De cualquier manera sería errado pensar a Heine como un escritor simple. Pero si algo puede
asegurarse luego de recorrer algunos de sus libros, y especialmente los “Diarios de viajes”
(publicados por etapas y épocas diferentes), es que su obra literaria siempre estuvo
acompañada por su lúcida conciencia. Fue la ironía extrema, el sarcasmo de la inteligencia,
lo que lo convirtió en un autor libre: un escritor puede ser filósofo, artista, periodista,
futbolista o historiador, pero bajo ningún aspecto los filósofos, los artistas, los periodistas,
los futbolistas o los historiadores pueden ser escritores “per se”. Raro privilegio el de los
creadores dotados de talentos como el de la palabra. Debería hablarse, así como en la
poesía, de un destino azaroso, distinto a la profesión, y sí más próximo a la magia, entre
otras fantasías y sucesos inexplicables, como finalmente lo es el arte literario.

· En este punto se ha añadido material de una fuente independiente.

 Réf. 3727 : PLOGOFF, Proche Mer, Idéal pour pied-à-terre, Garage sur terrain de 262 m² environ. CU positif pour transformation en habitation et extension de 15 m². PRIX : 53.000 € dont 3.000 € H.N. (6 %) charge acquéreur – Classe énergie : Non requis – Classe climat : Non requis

El talento de Heinrich Heine encontró enemigos, fuese donde fuese, viviese en la ciudad de
un país cualquiera. Alemania, Inglaterra y Francia fueron las tres naciones que debieron
contenerlo, y en ellas, en cualquiera de sus ciudades, mantuvo su espíritu crítico, que
encontró muchas veces en la burla la expresión más exacta. Fue censurado por estados,
políticos e incluso por su propia familia. Escribió poemas, ensayos, crónicas, obras de teatro,
panfletos, artículos y hasta manifiestos, muchos de ellos testigos de una evolución que nunca
detuvo el genio febril del artista. Tradujo, hacia el final de su vida, cuando ya postrado
recibía a sus visitas en cama, algunas de sus obras al francés, desde la lengua de infancia.

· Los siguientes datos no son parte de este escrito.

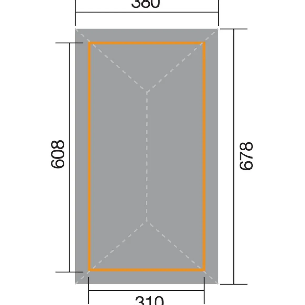 | Außenmaße mit Dachüberstand (BxTxH) (cm): | 310x608x306 |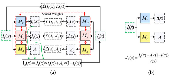 The transmission loss and the atmospheric light loss are two important loss functions, which primarily keep equal to and equal to . The transmission loss and atmospheric light loss are defined as Equations (8) and (9), respectively.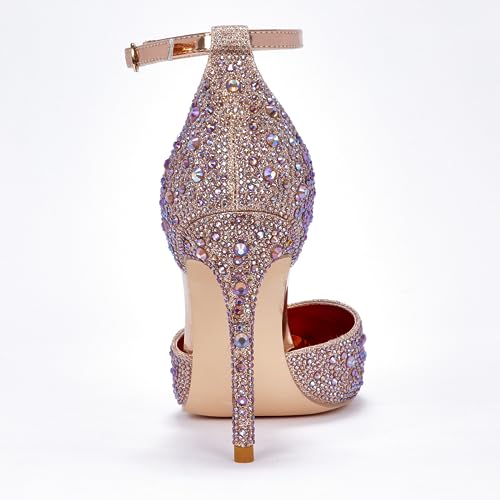 Design classico e di lusso: Questi tacchi alti con strass hanno una punta appuntita progettata in PU e ornata di strass scintillanti, un delicato cinturino alla caviglia con chiusura a fibbia, il design speciale e alla moda li rende particolarmente attraenti. Abbinateli a una clutch scintillante per completare un look irresistibilmente appariscente!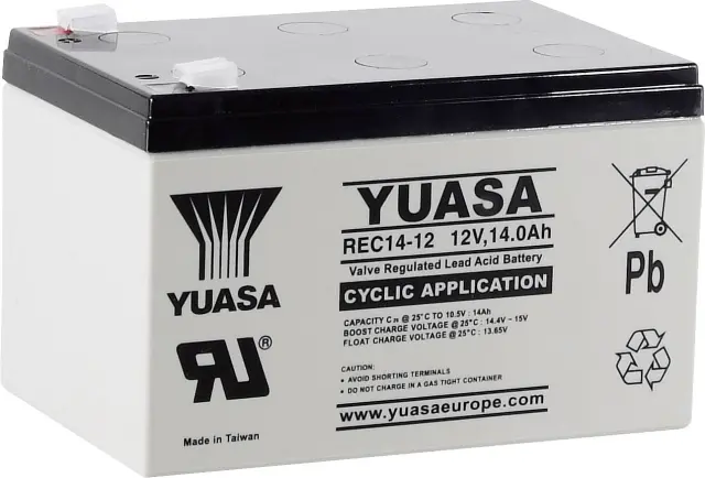 Yuasa REC14-12 YUAREC1412 svinčeni akumulator 12 V 14 Ah svinčevo-koprenast (ŠxVxG) 151 x 97 x 98mm ploščati vtič, 6,35mm nizko samopraznjenje, nizki

Según han dicho los editores póstumos de aquellos manuscritos, estos simplifican aún más
su escritura, aportando un toque más francés (o latino, para el caso), aún con la inevitable
pérdida del espíritu de la expresión en su primera versión. No era demasiado apasionante
para Heine el hecho de autocorregirse tanto como sí el de demostrar que conocía a fondo
ambas lenguas, sus culturas, sus profundas diferencias. Y en ese abismo del tránsito es que
también vemos a un hombre dispuesto a no bajar la guardia.

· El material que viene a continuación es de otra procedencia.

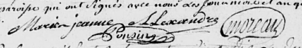 L’an de grâce mil sept cent quatre vingt dix, le vingt trois novembre. Je Henry Ponsin prêtre vicaire de cette paroisse ay baptisé la fille de Pierre Dumay et de Marie Jeanne Bourg ses père et mère mariés ensemble et habitant du Haut chemin hameau de cette paroisse a laquelle née du même jour on a imposé le nom de Jeanne Marie Joseph. Le parrain a été Jean-Baptise Leroux frère maternel de l’enfant, et la marraine Marie Josephe Marle lesquels ont été représentés par Nicolas Moreau et Marie Jeanne Alexandre de cette paroisse qui ont signé avec nous les jours et mois et an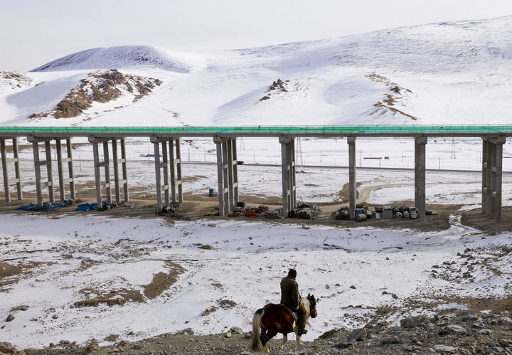 2024年12月30日,在新疆和靜縣,牧民騎馬從在建的新疆烏尉(烏魯木齊至尉犁)高速公路附近經(jīng)過(guò)。新華社記者 王菲 攝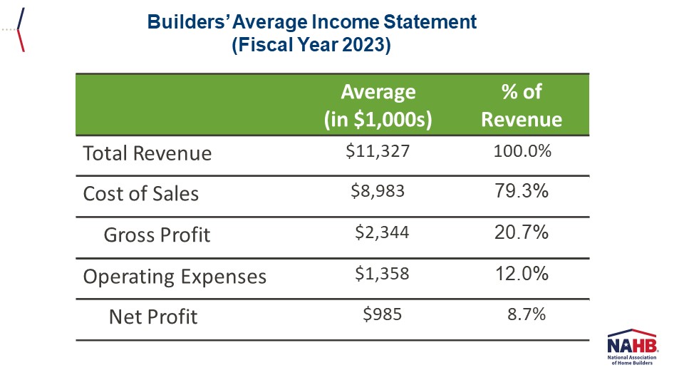 On average, builders reported $11.3 million in total revenue for fiscal year 2023. Of that, about $9.0 million (79.3%) was spent on cost of sales (i.e., land, direct and indirect construction costs), which translates into an average gross profit margin of 20.7%. Operating expenses (i.e., finance, S&M, G&A, and owner’s compensation) cost builders an average of $1.4 million (12.0% of revenue), leaving them with an average net profit margin of 8.7%. This post summarizes the results from NAHB’s most recent edition of the Builders’ Cost of Doing Business Study.

Engels fue uno de sus traductores al inglés, lo que sirvió para que Marx también se
interesase por la obra de Heine, que también había sido alumno de Hegel durante sus
estudios en Berlín. Ambos mantuvieron correspondencia con el alemán desterrado,
censurado y varias veces vilipendiado. No serían los únicos, ya que en París, además de ser
una figura central de su tiempo (a partir de 1831), compartiría amistad con Víctor Hugo,
George Sand, y también parte del círculo de artistas como Delacroix y Paul Delaroche. “Un
amigo me preguntaba por qué ahora no construíamos catedrales como las góticas famosas, y
le dije: ‘Los hombres de aquellos tiempos tenían convicciones; nosotros, los modernos, no
tenemos más que opiniones, y para elevar una catedral gótica se necesita algo más que una
opinión’”, apuntaba.
Un clásico, varios libros, otras tantas ideas. Algunos hablan de censura, otros de resguardo
de la intimidad. Cierto es que no aún sabemos distinguir entre la ceguera y el estrabismo,
salvo un escritor, como Heine. La víctima de la censura nunca es, en efecto, el censurado,
así como el desnudo jamás lo es tanto el muerto como sí en verdad el recién nacido.
Recordamos a este faro alemán con una frase que lo representa, “los sabios emiten ideas
nuevas; los necios las expanden”, lo que impulsa a creer que la censura no existe; lo que
sobran son censores. Presumo que los nuevos lectores de Heinrich Heine serán sorprendidos
por una elegancia y sutileza que, casi siempre, trae más belleza. En buena hora sus
traducciones. El momento actual es casi una tentación para ejercer eso que ningún animal
hasta ahora ha podido enseñar a sus crías: la belleza.